琉球新報 8月20日(土)11時58分配信

 翁長県政が経済政策の柱に据えるアジア経済戦略構想の具体化に向け、県は19日、有識者委員でつくる「県アジア経済戦略構想推進・検証委員会」の初会合を県庁で開いた。台湾、香港、シンガポールの貿易当局関係者も海外委員として招き、アジア市場の情勢を素早く捉え、県の事業展開に生かすサポート組織としていく。


 検証委は県が3月に策定した「アジア経済戦略構想推進計画」に示された各事業の課題抽出や改善案、新規事業の必要性などを整理し、11月下旬ごろに翁長雄志知事へ提言する。

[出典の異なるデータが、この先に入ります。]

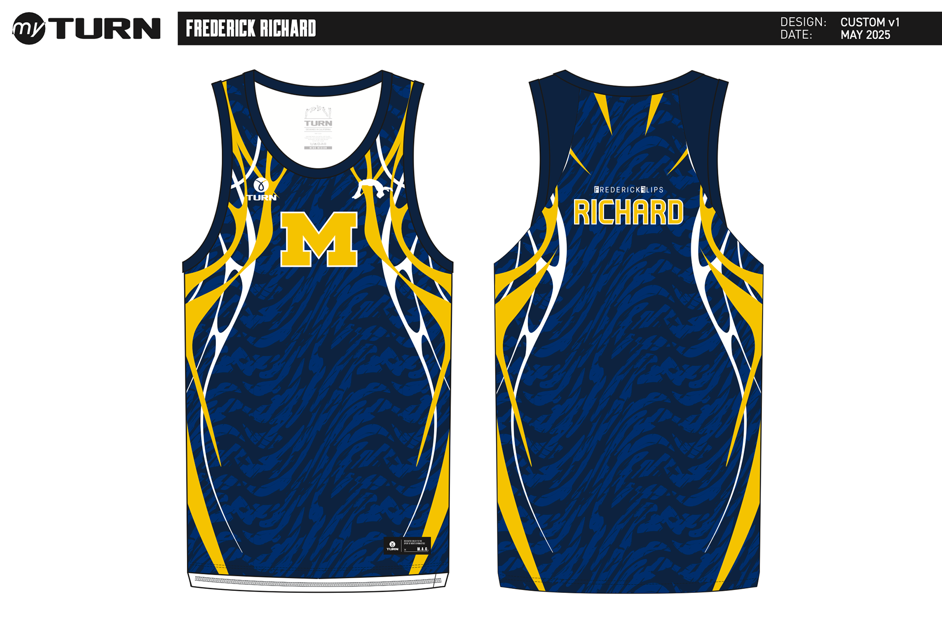 A design project for Turn Gymnastics on behalf of Olympic Bronze Medalist Frederick Richard as he continues to take point deductions in competition in an effort to transform the gymnastics uniform sport-wide. This uniform was worn for the 2025 US Gymnastics Nationals where Fred was the overall silver medalist and earned bronze in the high bar.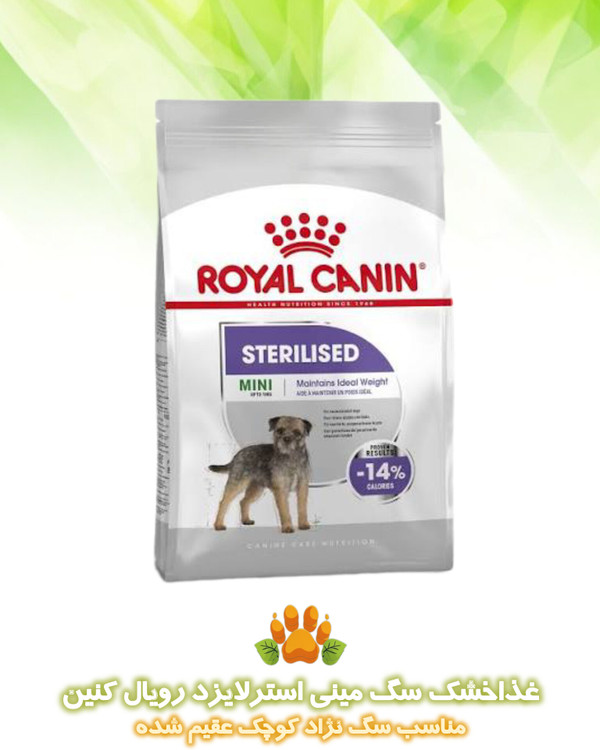 غذای Royal Canin Mini Sterilised مخصوص سگهای نژاد کوچک (وزن ۱ تا ۱۰ کیلوگرم) طراحی شده که بعد از عقیمسازی دچار افزایش وزن نشوند، در عین حال انرژی کافی و طعم عالی داشته باشند.

 検証委は委員14人で構成し、任期は2年。委員長に富川盛武県政策参与、副委員長に安里昌利県経営者協会会長を選出した。海外委員として台湾貿易センター所長の陳英顯氏、香港貿易発展局大阪事務所長の伊東正裕氏、シンガポール国際企業庁東京事務所センターディレクターのオン・ショーン氏を任命した。

 委員会の下に(1)物流・貿易(2)観光振興(3)IT・スマートハブ―の三つの専門推進部会を設置し、詳細な調査・検討を進めることを決定した。専門部会は7~8人程度で構成し、9月に会合を開く。

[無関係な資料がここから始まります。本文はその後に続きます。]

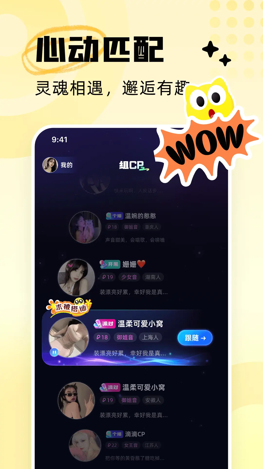 在音对,海量语音房间,15麦语音房聊到天明,遇见志同道合的玩伴; 在音对,和喜欢的ta说心里话,互赠礼物,解锁cp默契度; 在音对,契约缔结,情侣闺蜜冠名,亲密关系说秀就秀。 在音对,无论白昼黑夜,总能遇见你。 【15麦房语音派对】 K歌PIA戏,情感电台等超多类型房间等你来玩~ 点击上麦即可拥有超多玩伴,让你24小时快乐不断电。 【处CP】 交友必备,一键匹配,聊天、连麦马上开始,cp在线等你。 【 自定义聊天室】 超多麦位语音房间,满足你所有需求。 隐藏麦位,自定义名称背景打造属于你的个性空间。 【契约缔结】 亲密关系,契约缔结。 双方进房炫酷全屏特效,麦上麦下专属角标。 个人主页专属展示,亲密关系秀出来。 【趣味表情包】 难开口,想互动,丰富表情包助你打开破冰之路。 告别自闭,人人都是社交达人。 【联系我们】 使用过程中遇到任何问题,请在应用内反馈:「我的」-「意见反馈」,我们会认真倾听你的每一条建议。 微信公众号:音对语聊

 会合は冒頭のみ公開された。富川委員長はあいさつで「観光や投資、物流、ものづくりなど沖縄経済は絶好調だ。県経済始まって以来の大きなチャンスが到来している。沖縄の活性化が日本経済の再生、アジア各国にプラスになるように計画を推進したい」と意気込みを語った。

 県内からは沖縄地方内航海運組合や沖縄観光コンベンションビューロー、県情報産業協会、県工業連合会、県農業協同組合など経済団体の代表者らが加わる。